[Records from a collection]
--------------------------------------------------
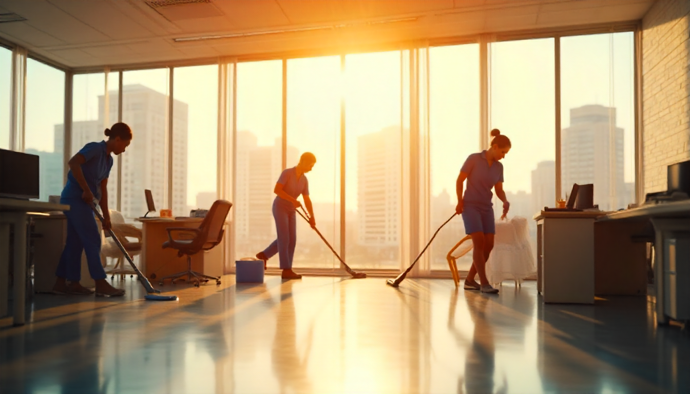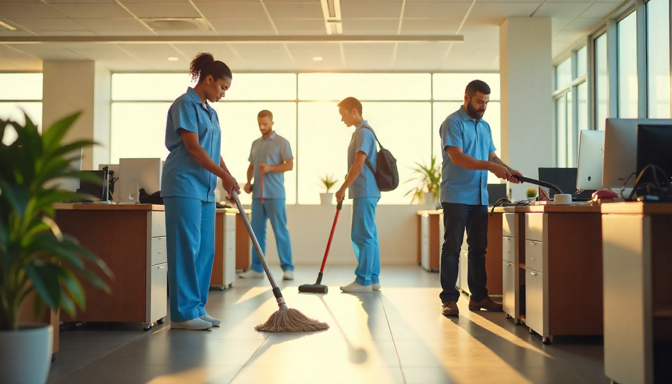 Commercial cleaners doing the job together
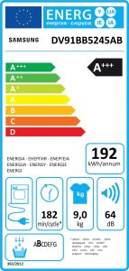 DV91BB5245AB je sušilica s toplinskom pumpom tvrtke Samsung. S razredom energetske učinkovitosti A+++ (ljestvica: A+++ do D), potrošnja energije ove sušilice s toplinskom pumpom iznimno je niska. Zahtjevi za kapacitetom za obitelji od 5 ili više ljudi nisu problem s kapacitetom od 9 kg Uz tihu radnu buku, sušilica s toplinskom pumpom može se lako sušiti i noću. Visokokvalitetni bubanj od nehrđajućeg čelika osigurava dug radni vijek sušilice s toplinskom pumpom DV91BB5245AB. Zahvaljujući staklenim vratima svoju odjeću uvijek možete držati na oku. Osim toga, sušilica s toplinskom pumpom DV91BB5245AB može se zaključati pomoću funkcije dječje brave. S dimenzijama od 60 cm x 85 cm x 60 cm (ŠxVxD), sušilica s toplinskom pumpom atraktivno spaja oblik i funkciju.
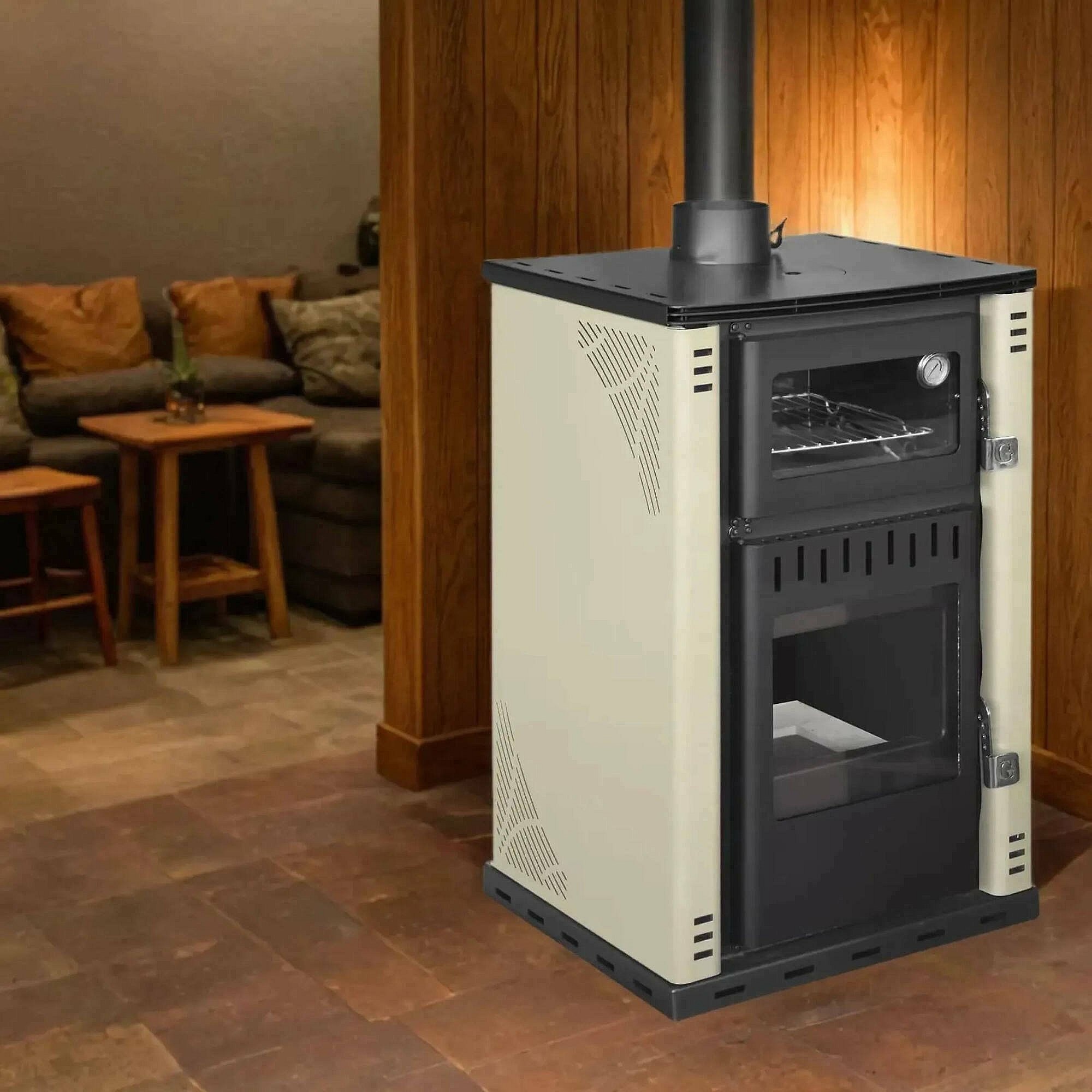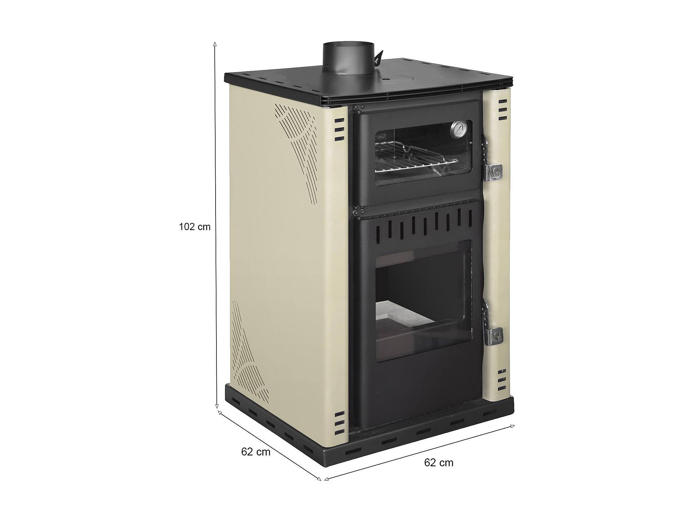 Stufa a Legna Aquino, Volume Riscaldabile 200 m3 Made in Italy, 33x38.5x74h cm Beige
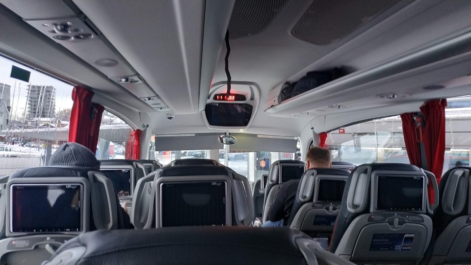 버스의 내부는 아주 깔끔했다. 잡지부터 위생용 봉투까지 거의 항공기 좌석 수준으로 완비되어 있다. 잠시 후 버스가 출발하였다. 녹화된 화면이나 음성이 아닌 버스기사가 직접 에스토니아어, 영어, 러시아어, 라트비아어 무려 4개국어를 라이브로 안내방송을 했다.
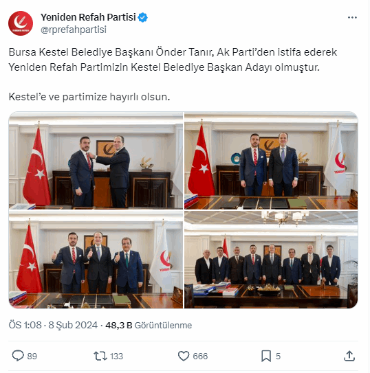 "Bursa Kestel Belediye Başkanı Önder Tanır, AK Parti'den istifa ederek Yeniden Refah Partimizin Kestel Belediye Başkan Adayı olmuştur. Kestel'e ve partimize hayırlı olsun."
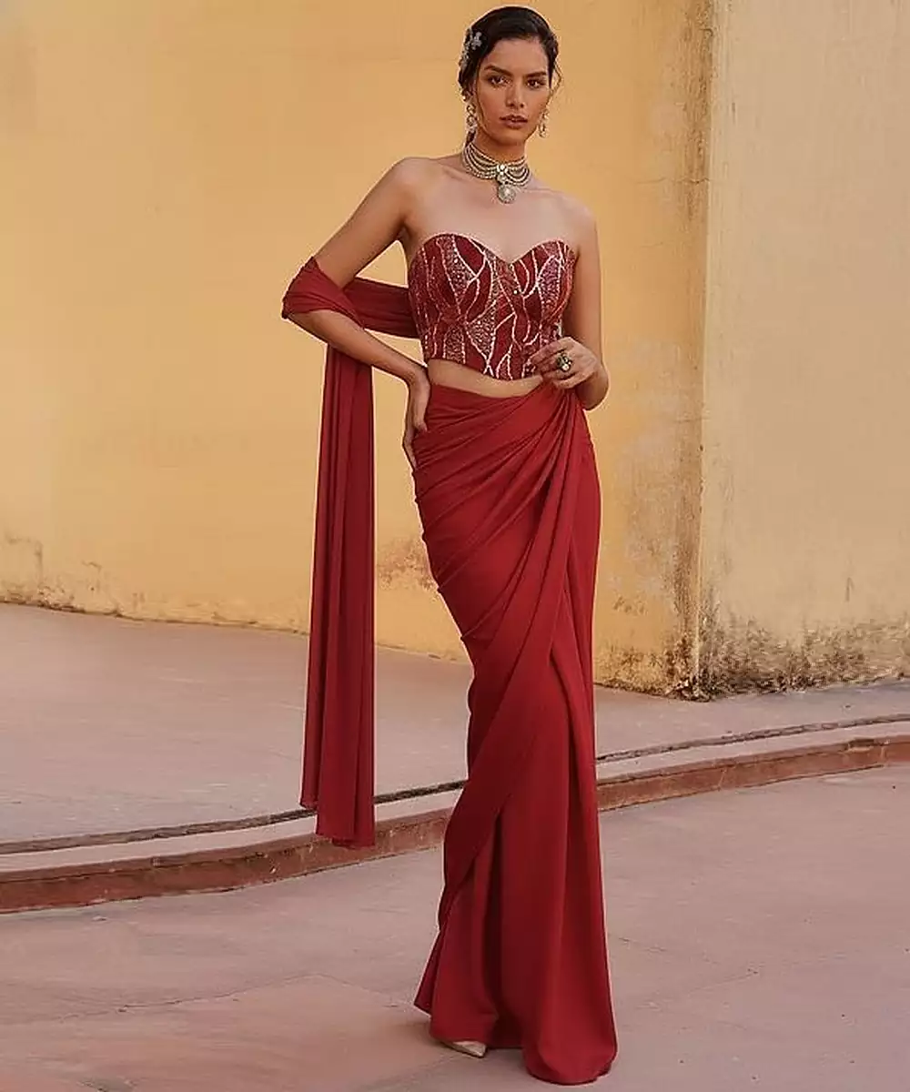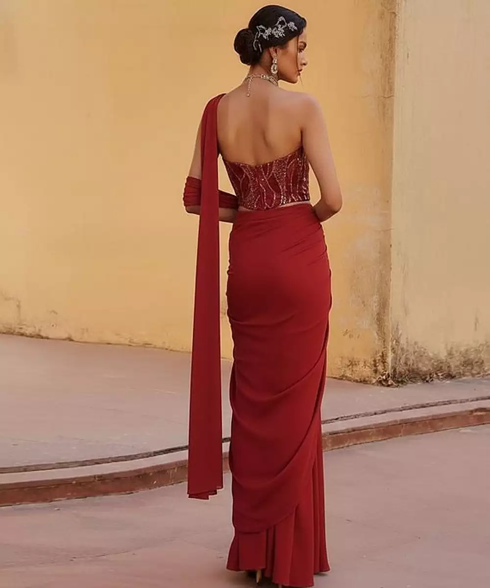 This Red Georgette Pre Draped Saree Set Radiates Timeless Festive Charm. The Flowing Georgette Fabric Ensures Comfort And Graceful Movement. Designed For Effortless Wear, The Pre Stitched Drape Offers Modern Convenience. Perfect For Weddings, Celebrations, And Festive Occasions.
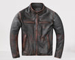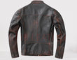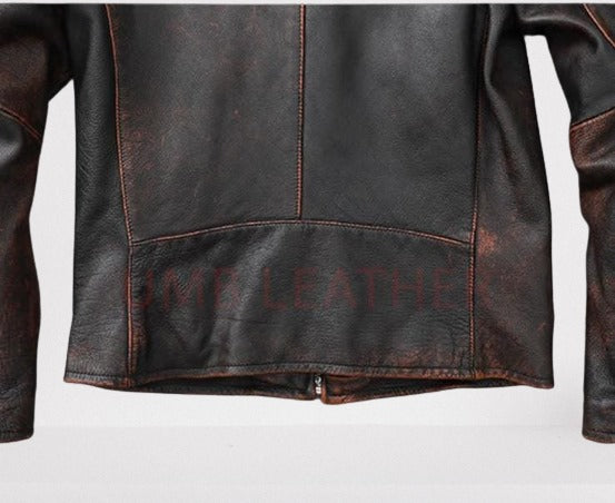 This vintage leather jacket is constructed in panels and it is handcrafted out of premium leather seasoned from sheep skin. It is provided with four smooth durable zippers and satin lining.
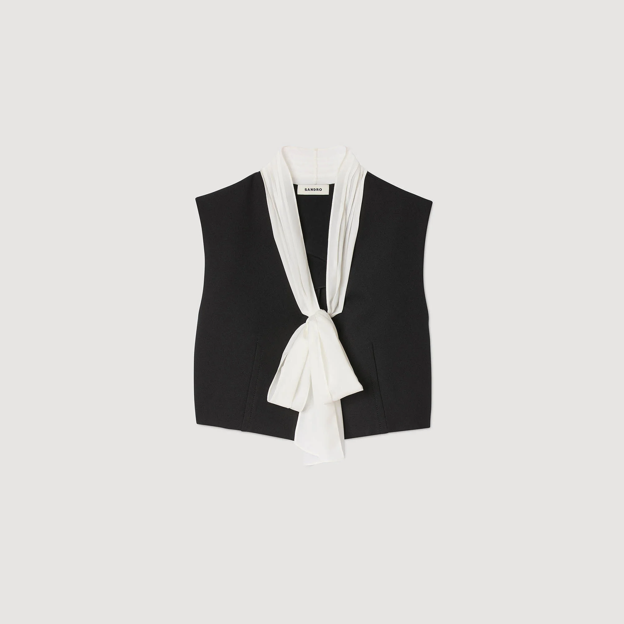 Sleeveless crop top with a contrasting V-neck lavalliere collar. - Sandro Women's sleeveless top - V-neck with lavalliere - Hook fastening - Designed for a cropped fit Reference: SFPTO00825_20 COMPOSITION & CARE Composition - Main material: 91% polyester, 9% elastane - Lining: 100% polyester - Secondary material: 100% polyester Care advice - Do not wash - Do not bleach - Do not tumble dry - Iron at a maximum temperature of 110°C without steam - F/ - Professional dry clean, with hydrocarbon solvent, gentle treatment
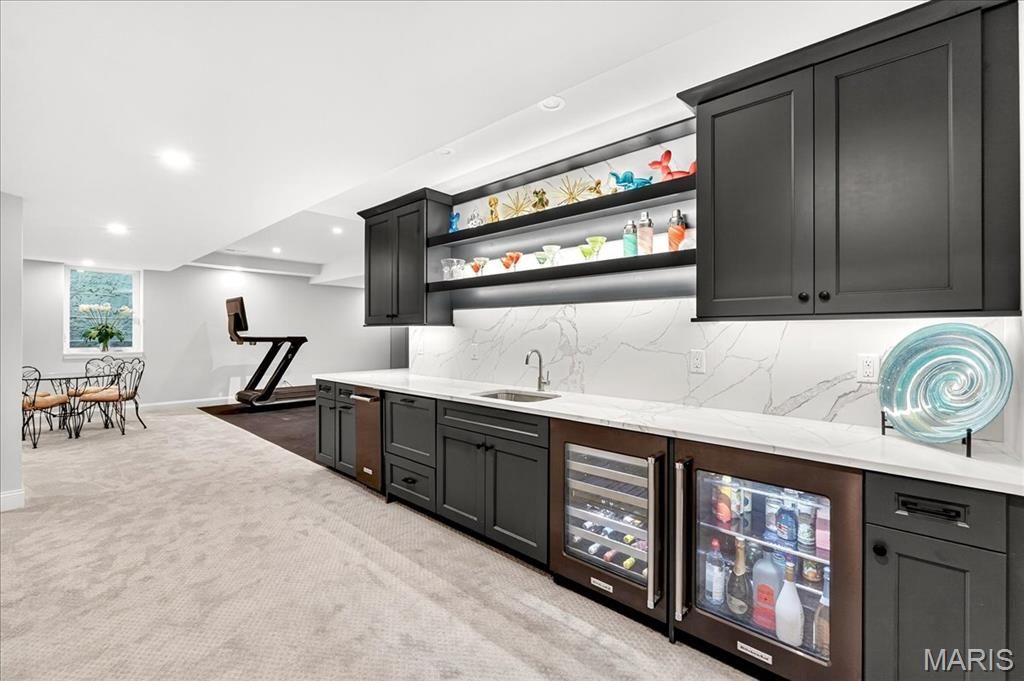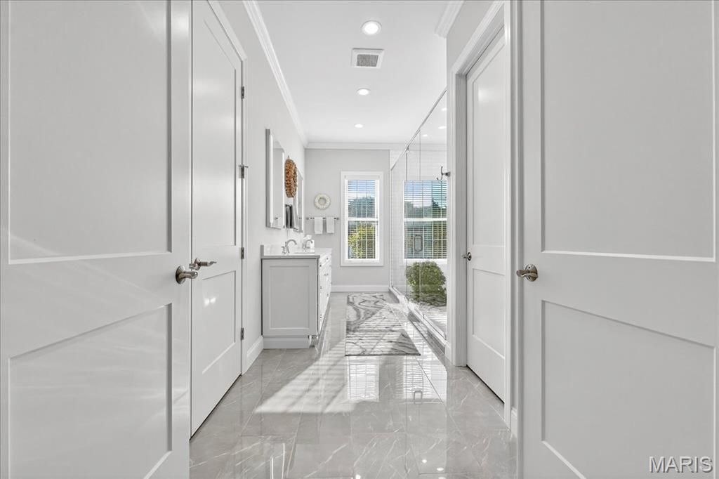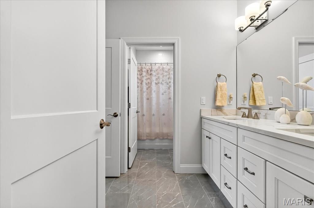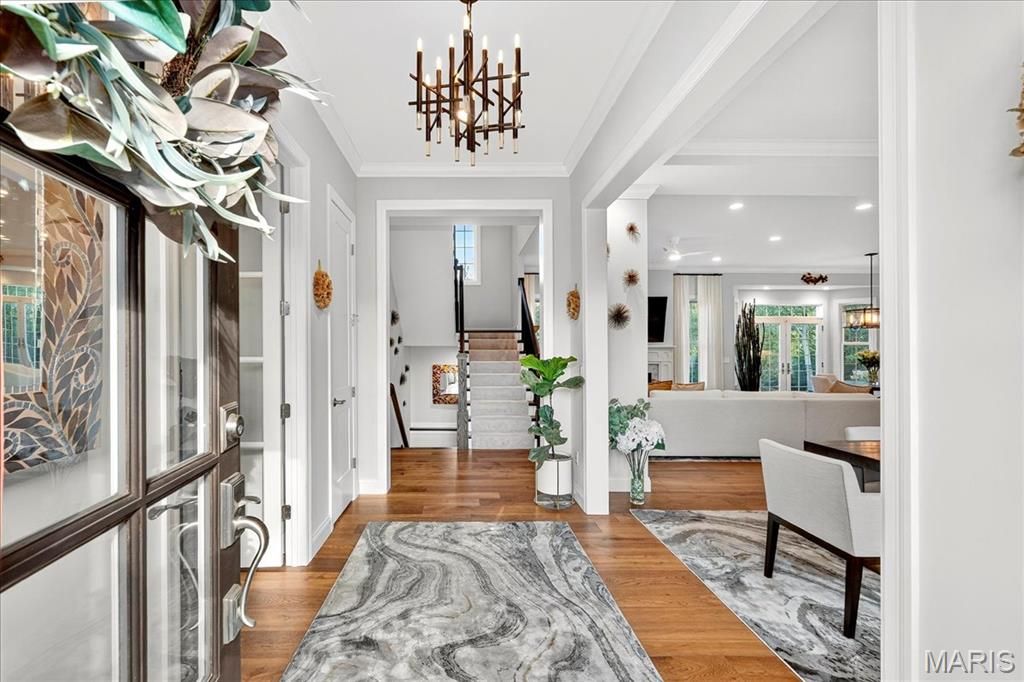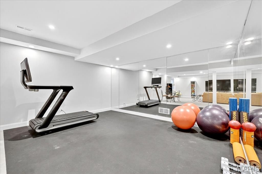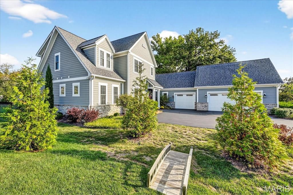 Tucked away on a private cul-de-sac, this exceptional custom-built home blends modern elegance with everyday comfort"”all just steps from Ladue & Frontenac shops, restaurants, and schools. Built in 2021, it offers a bright, airy layout with soaring ceilings and thoughtful craftsmanship across three finished levels. The heart of the home is the gourmet kitchen, featuring high-end finishes and stainless steel appliances including a built-in ice maker and microwave. The spacious breakfast room has an effortless flow into the inviting great room with its cozy fireplace. The designer light fixtures throughout add a touch of sophistication to the home. The main floor primary suite is truly a retreat, featuring a luxurious spa-style wet room with multiple shower heads and sprayers, dual vanities and two generous walk-in closets. The bathroom is enhanced by illuminated mirrors, abundant natural light, and a serene atmosphere that elevates the everyday routine into a spa-like experience. The main floor also offers a private office or additional bedroom with closet. Upstairs, you'll find a spacious ensuite bedroom plus two additional rooms joined by a stylish Jack and Jill bath. The lower level is designed for fun and functionality"”complete with a media lounge, fitness area, and an impressive bar with custom shelving, beverage cooler, and an additional built-in dishwasher & ice maker! The spacious 3-car heated garage features an epoxy floor and high-amp Tesla charger. Additional highlights include two water heaters, two zoned heating and air conditioning units, and a security system already installed and ready for activation. Outside, you'll find the beautifully maintained landscaping and irrigation system. A perfect blend of style, quality, and location, this stunning home is move-in ready!
--------------------------------------------------
WHAT YOU NEED TO DO → What you return must match, character for character, the lines above from the one with "Kestel Belediye Başkanı" through the one with "Sleeveless crop top", minus any pictures.

RESULT FOR THIS EXERCISE →
 "Bursa Kestel Belediye Başkanı Önder Tanır, AK Parti'den istifa ederek Yeniden Refah Partimizin Kestel Belediye Başkan Adayı olmuştur. Kestel'e ve partimize hayırlı olsun."
 This Red Georgette Pre Draped Saree Set Radiates Timeless Festive Charm. The Flowing Georgette Fabric Ensures Comfort And Graceful Movement. Designed For Effortless Wear, The Pre Stitched Drape Offers Modern Convenience. Perfect For Weddings, Celebrations, And Festive Occasions.
 This vintage leather jacket is constructed in panels and it is handcrafted out of premium leather seasoned from sheep skin. It is provided with four smooth durable zippers and satin lining.
 Sleeveless crop top with a contrasting V-neck lavalliere collar. - Sandro Women's sleeveless top - V-neck with lavalliere - Hook fastening - Designed for a cropped fit Reference: SFPTO00825_20 COMPOSITION & CARE Composition - Main material: 91% polyester, 9% elastane - Lining: 100% polyester - Secondary material: 100% polyester Care advice - Do not wash - Do not bleach - Do not tumble dry - Iron at a maximum temperature of 110°C without steam - F/ - Professional dry clean, with hydrocarbon solvent, gentle treatment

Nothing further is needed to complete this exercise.